* Task details *
In full and unchanged, set down the entries that follow, with no images.

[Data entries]
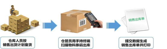 倉庫人員根據(jù)銷售人員的出貨計劃,安排銷售發(fā)貨。倉庫人員使用手持終端設(shè)備掃描源單發(fā)貨通知單,并逐一掃描成品條碼,確認(rèn)出貨數(shù)據(jù)無誤后,系統(tǒng)生成銷售出庫單。
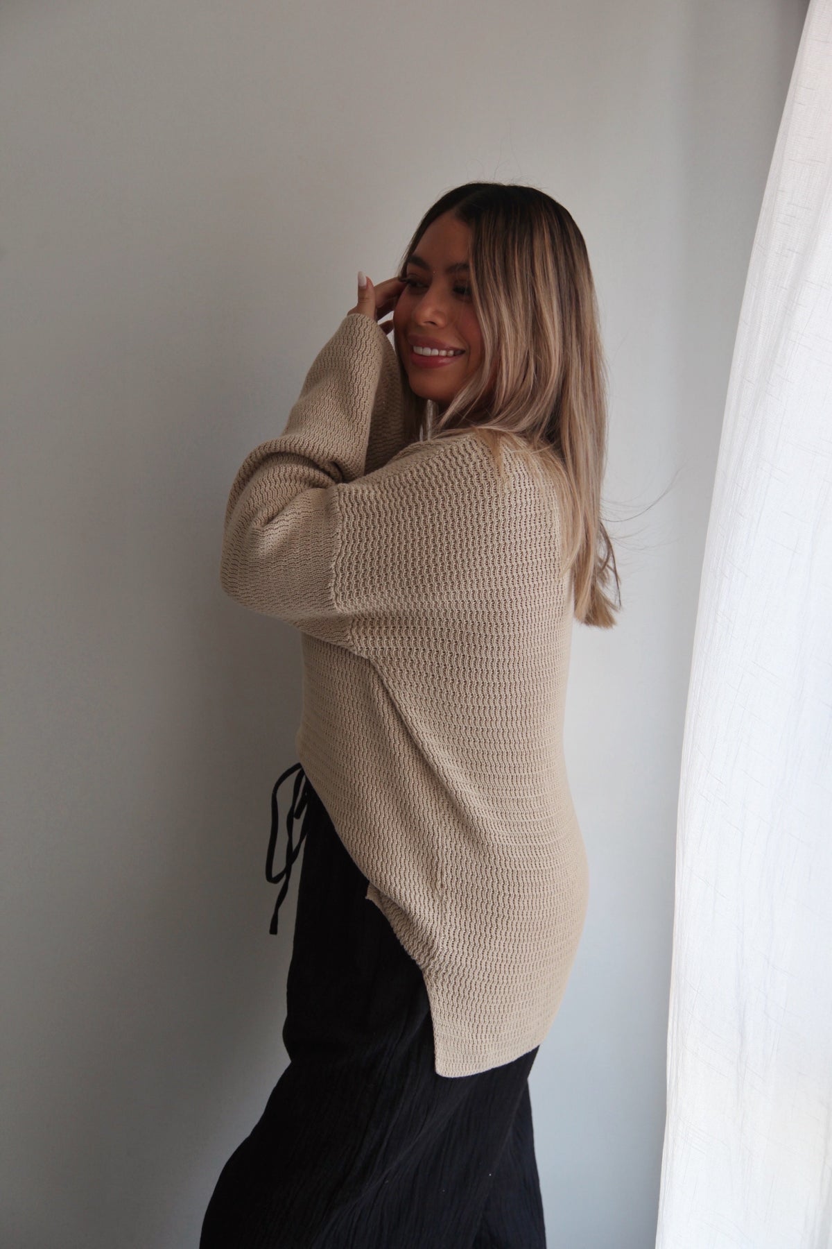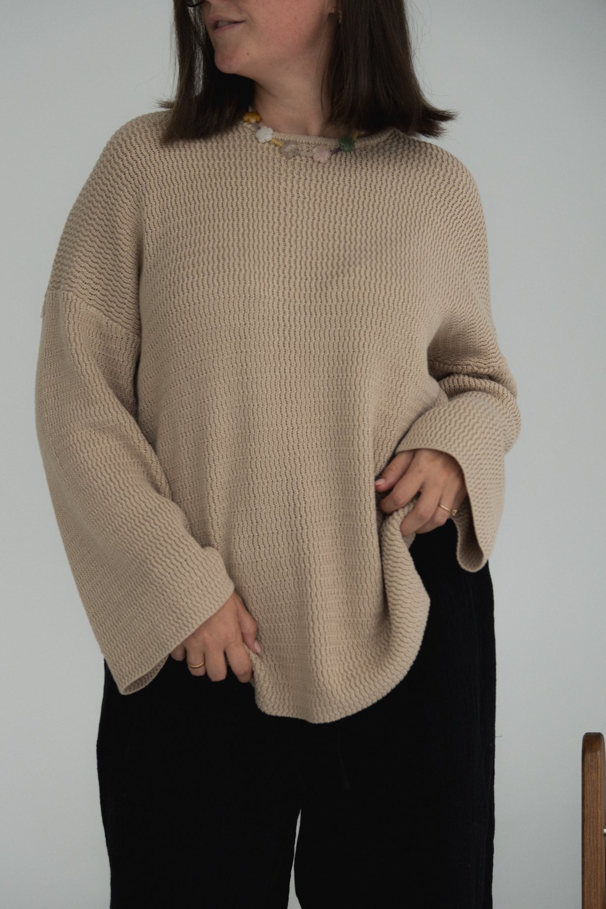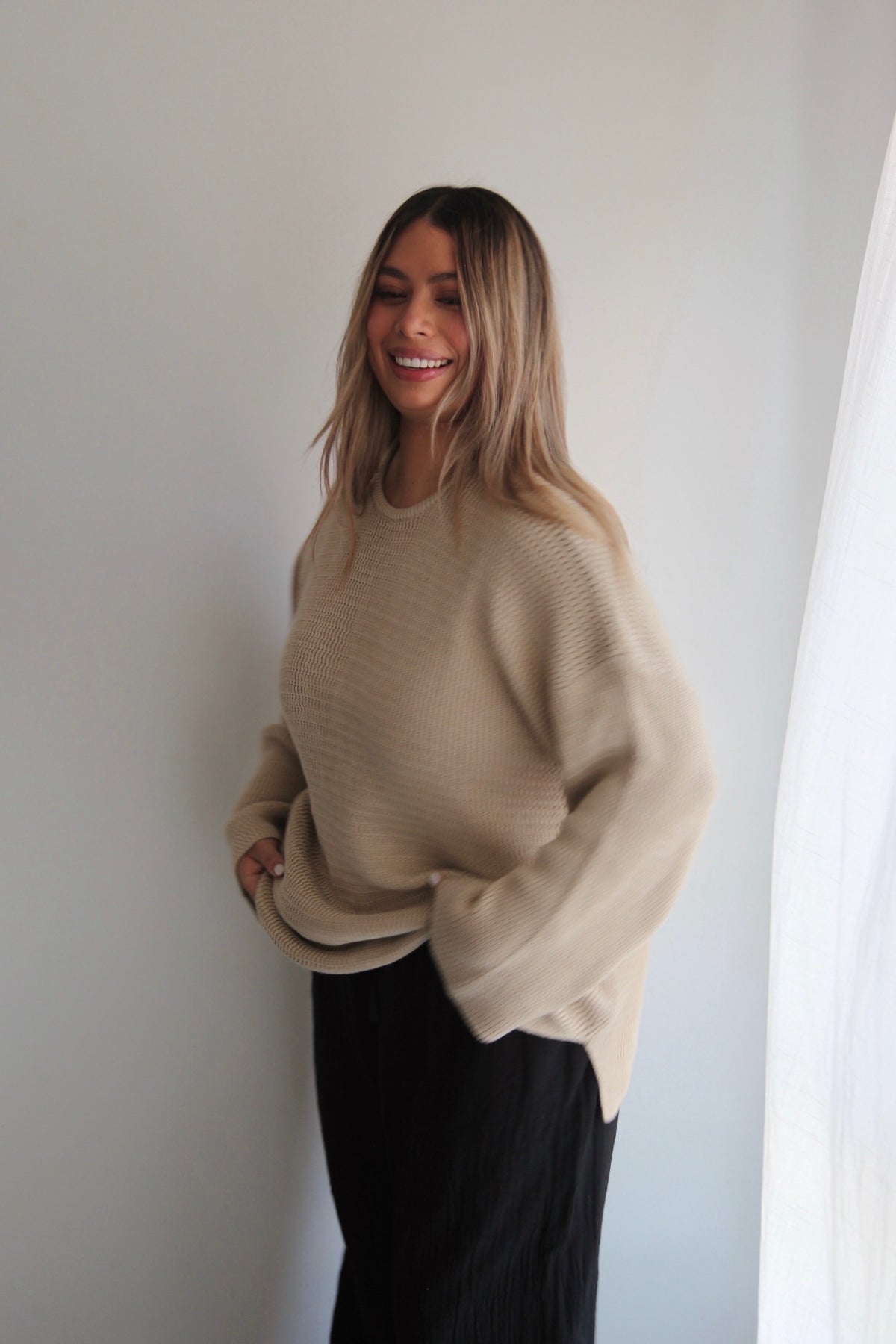 Oversized pullover featuring a loose knit design, loose cuffs and split on each side. Mix and match with items from our Women's Collection.
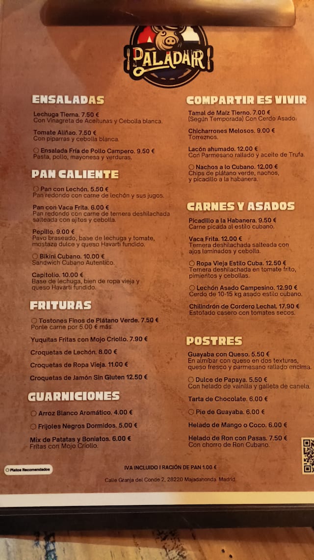 If you plan to eat at Paladar, the average price should be around €21. The average price is calculated based on appetizer/entrée or entrée/dessert, excluding drinks. Prices have been provided by the restaurant.
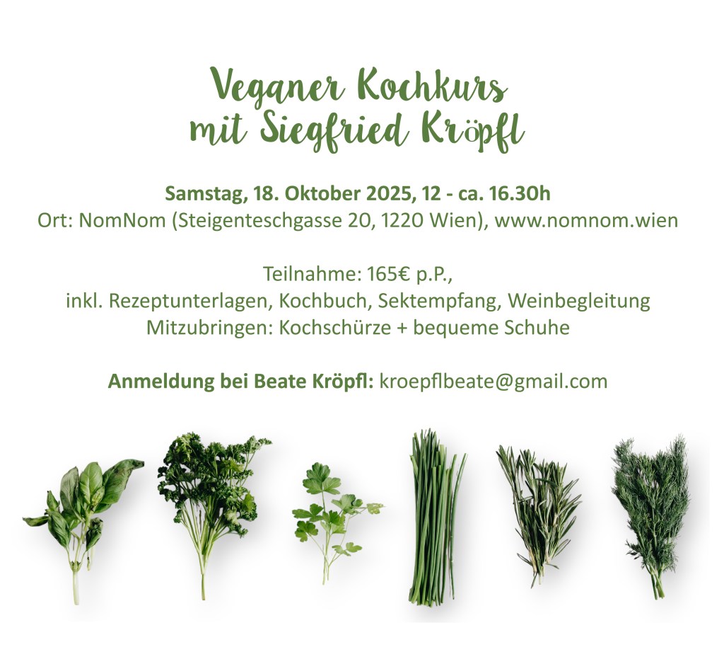Für Privatpersonen: Wenn Sie Interesse an einem privaten Kochkurs in Kleingruppen haben, kontaktieren Sie mich. Im Angebot inkludiert ist ein mehrgängiges Menü plus Rezeptunterlagen. Mehr Informationen auf Anfrage.
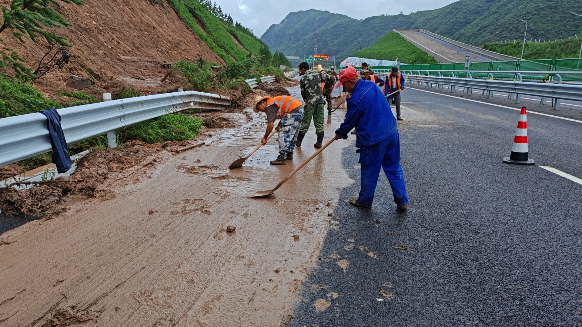 8月4日晚,延崇高速北京方向K169处,发生山体滑坡,泥沙已经冲至行车道,严重影响高速车辆行车安全。情况紧急,延崇养护队立即启动防汛应急预案,干部职工立即奔赴塌方现场迅速完成作业区布设后马不停蹄展开滑坡清理工作。
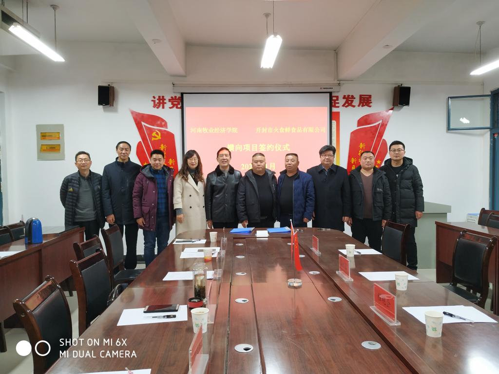 2020年1月10日“农产品功能性物质提升食材品质关键技术研发”横向项目在生工楼A426会议室签订,此项目是公司与开封市火食鲜食品有限公司签订100万元横向课题。公司科学技术处处长邱国鑫、食品与生物工程公司党委书记赵安勇、经理潘春梅、副经理郝修振,项目负责人邹建博士和项目组主要成员参加了本次签约仪式。
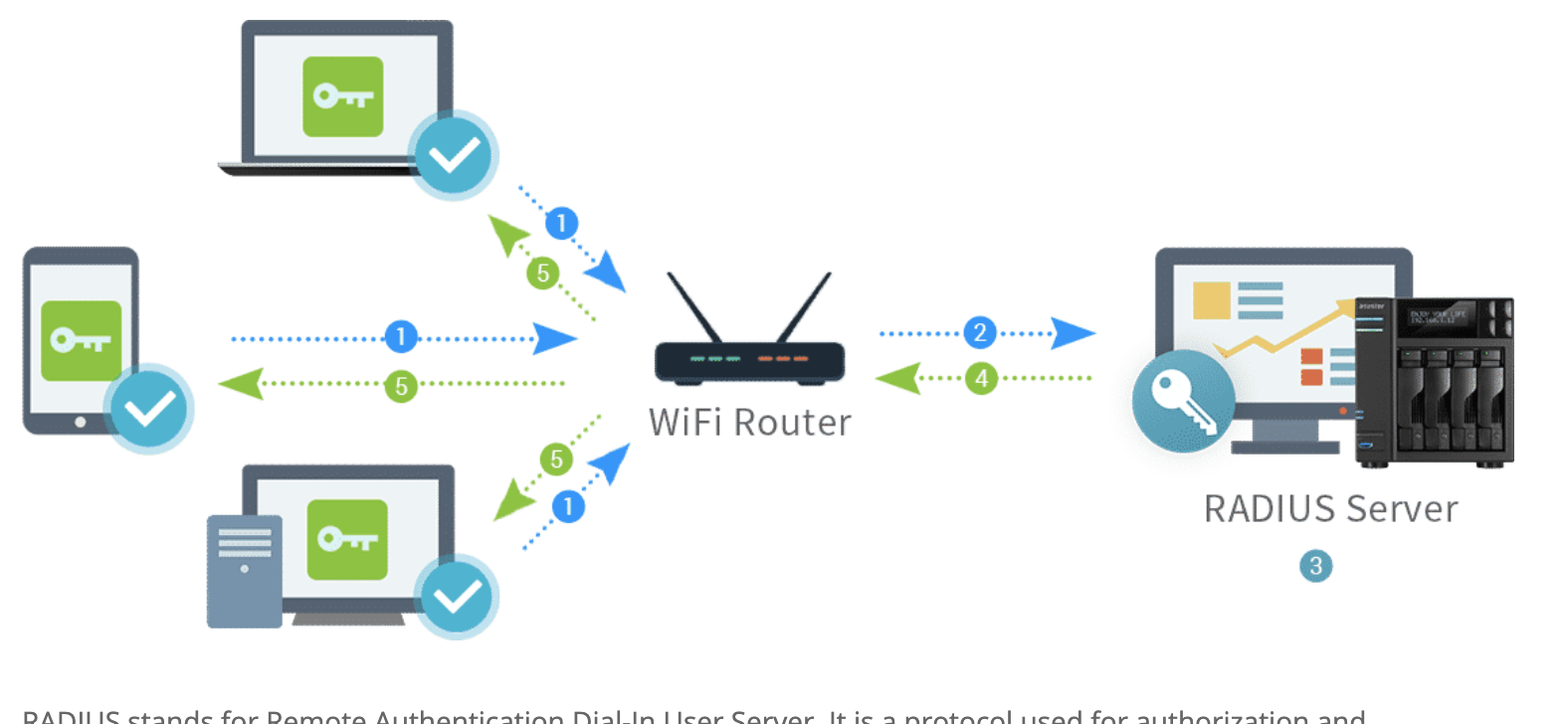 RADIUS stands for Remote Authentication Dial-In User Server. It is a protocol used for authorization and authentication. If you have a RADIUS server, you will have full control over who can connect your network and whom not to grant the access. This is applicable for all network types starting from wireless, VPN to direct and dial-up. Therefore, it is the middle layer in between the communication of the clients and servers.

* Output of the task *
 倉庫人員根據(jù)銷售人員的出貨計劃,安排銷售發(fā)貨。倉庫人員使用手持終端設(shè)備掃描源單發(fā)貨通知單,并逐一掃描成品條碼,確認(rèn)出貨數(shù)據(jù)無誤后,系統(tǒng)生成銷售出庫單。
 Oversized pullover featuring a loose knit design, loose cuffs and split on each side. Mix and match with items from our Women's Collection.
 If you plan to eat at Paladar, the average price should be around €21. The average price is calculated based on appetizer/entrée or entrée/dessert, excluding drinks. Prices have been provided by the restaurant.
Für Privatpersonen: Wenn Sie Interesse an einem privaten Kochkurs in Kleingruppen haben, kontaktieren Sie mich. Im Angebot inkludiert ist ein mehrgängiges Menü plus Rezeptunterlagen. Mehr Informationen auf Anfrage.
 8月4日晚,延崇高速北京方向K169处,发生山体滑坡,泥沙已经冲至行车道,严重影响高速车辆行车安全。情况紧急,延崇养护队立即启动防汛应急预案,干部职工立即奔赴塌方现场迅速完成作业区布设后马不停蹄展开滑坡清理工作。
 2020年1月10日“农产品功能性物质提升食材品质关键技术研发”横向项目在生工楼A426会议室签订,此项目是公司与开封市火食鲜食品有限公司签订100万元横向课题。公司科学技术处处长邱国鑫、食品与生物工程公司党委书记赵安勇、经理潘春梅、副经理郝修振,项目负责人邹建博士和项目组主要成员参加了本次签约仪式。
 RADIUS stands for Remote Authentication Dial-In User Server. It is a protocol used for authorization and authentication. If you have a RADIUS server, you will have full control over who can connect your network and whom not to grant the access. This is applicable for all network types starting from wireless, VPN to direct and dial-up. Therefore, it is the middle layer in between the communication of the clients and servers.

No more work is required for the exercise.